Да, это было очень давно, так именно откинув голову, стояла на каменистом пляже молодая красивая англичанка, моя двоюродная тетка, и смотрела на бледное летнее финляндское небо, где с непередаваемой нежностью и столь постепенно голубой цвет у горизонта переходит в белый и желтоватый. Лето, похожее на русскую осень, нагретая вода в выбоинах гранита. Запах можжевельника, грибов и сосен, которые на склоне дня озарены таким долгим, таким торжественным вечерним свечением, что кажутся растущими в садах Гесперид; как это было давно, и как мал и несчастен я тогда был, и как мал и несчастен опять человек, когда он любит.
В широкой светлой комнате с разбитыми стеклами Тереза кормит голубей, и они, как белые живые письма, летают вокруг нее и садятся на руки и на плечи. Она смеется, по-детски меняет голос, приговаривает, лаская их, вытягивает губы, склоняет набок голову. Но только вошел я, все наполнилось переполохом, биением крыльев и испуганным клекотом. Как будто ангелы наполняли комнату и, толкаясь, спешили ее покинуть при виде грешного человека. Вечером Тереза кормит мышей.
Ночь. Низко клокочет коксовое пламя в чугунной печурке. За окнами черные ветви и прутья сада, а в самом конце его электрический фонарь рассыпает вокруг себя белые световые полосы, в неподвижном тумане странно перемежающиеся с черными тенями мокрых деревьев. Ни звука на улице, и далеко еще до очередного поезда, ибо еще задолго до его появления слышно, как трясется где-то железный помост.
Аполлон Безобразов играет на рояле. Тереза, закутавшись в шубу, не двигаясь, смотрит на белые полосы. Странные спутанные звуки доносятся сверху. Что это?
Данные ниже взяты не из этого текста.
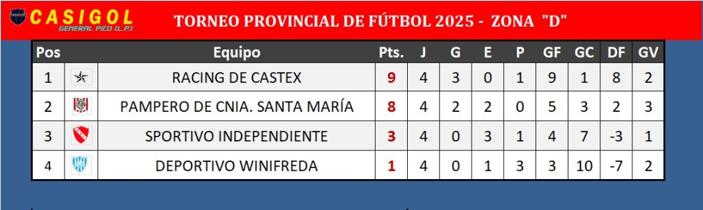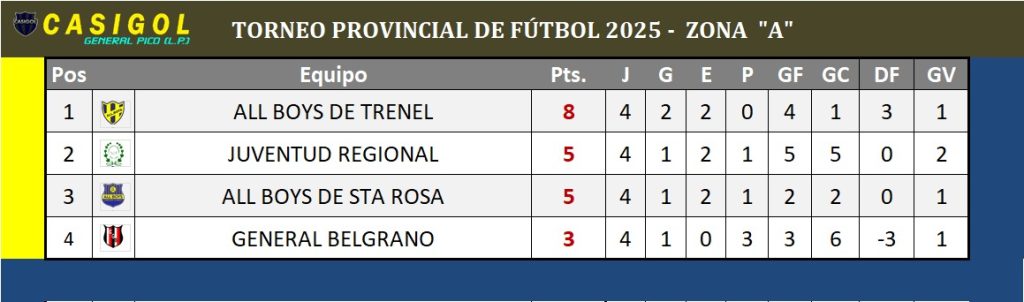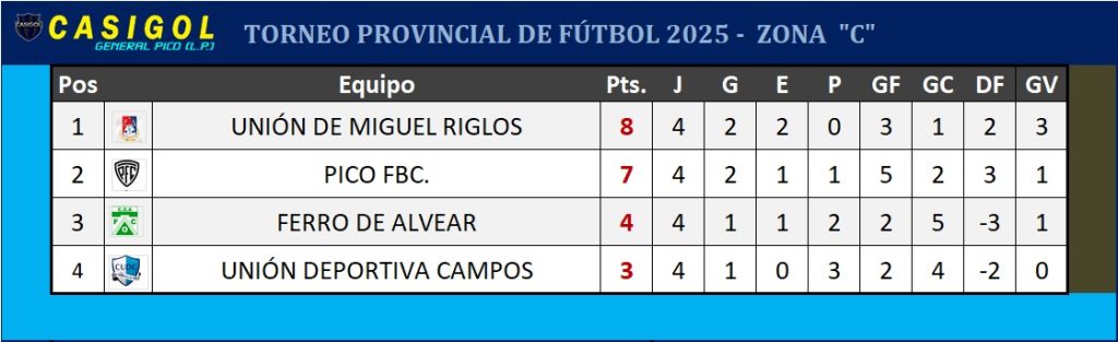 En el día de hoy se completó la cuarta fecha del torneo provincial de fútbol en las cuatro zonas que lo componen. Recordamos que en el día de ayer se jugó la zona "B" con el triunfo de Alvear FBC y el empate de Costa Brava en Santa Rosa ante Atlético.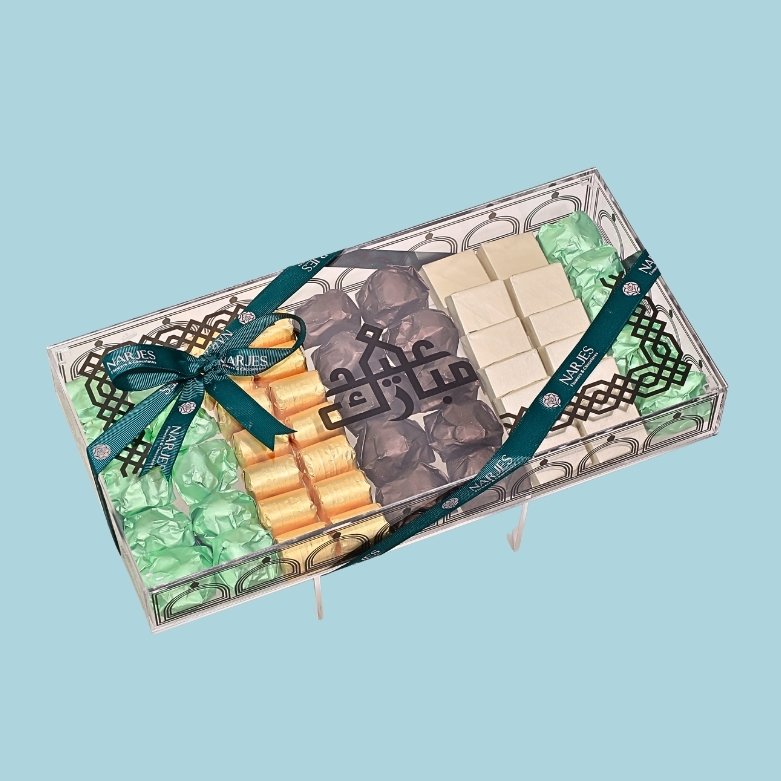This beautiful Eid Mubarak rectangular acrylic box containing assorted Belgian chocolates, tied nicely with our signature ribbon.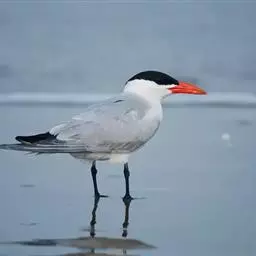 红嘴巨鸥,大型水鸟,体长47~55厘米。夏羽前额、头顶、枕和冠羽黑色。后颈、尾上覆羽和尾白色,…

Прокофьев? Милло? Скрябин? Иногда как будто танец какой-то слышен, что-то жалкое, знакомое, вроде «Китаянки», и снова «Ааа! Аааа!» — визжат нелепые агармоничные сочетания. Нет, это ни то ни другое. Дело в том, что Аполлон Безобразов просто совершенно не умеет играть на рояле и в темноте наугад берет бессвязные нелепые аккорды. Но иногда на него нападает какая-то звуковая жестокость, тогда он бесконечно повторяет какой-нибудь режущий диссонанс, затем он играет одним пальцем долго-долго какую-то детски-грустную мелодию. А вот слышится отвратительный дьявольский танец наугад, но странно ритмично выбиваемый на испорченной клавиатуре, причем в два голоса, один — на самом верху, как будто стекло бьется, другой — внизу, на басах, беспорядочно рычащих. А теперь опять бесконечные ахроматические аккорды долго-долго, но не слабея и не уставая вовсе.
Страшная музыка; не пойти ли наверх потребовать ее прекращения? Нет, это не в духе дома, да и странная больная прелесть есть в ней. Тереза, видимая в профиль и слегка освещенная белесым отблеском с улицы, тоже прислушивается и страдает от этой оргии бессвязных звуковых существ; вот она опускает голову на руки, прячет лицо, плечи ее коротко содрогаются, как бы от холода. И снова «Ааа! Ааа! Ааа!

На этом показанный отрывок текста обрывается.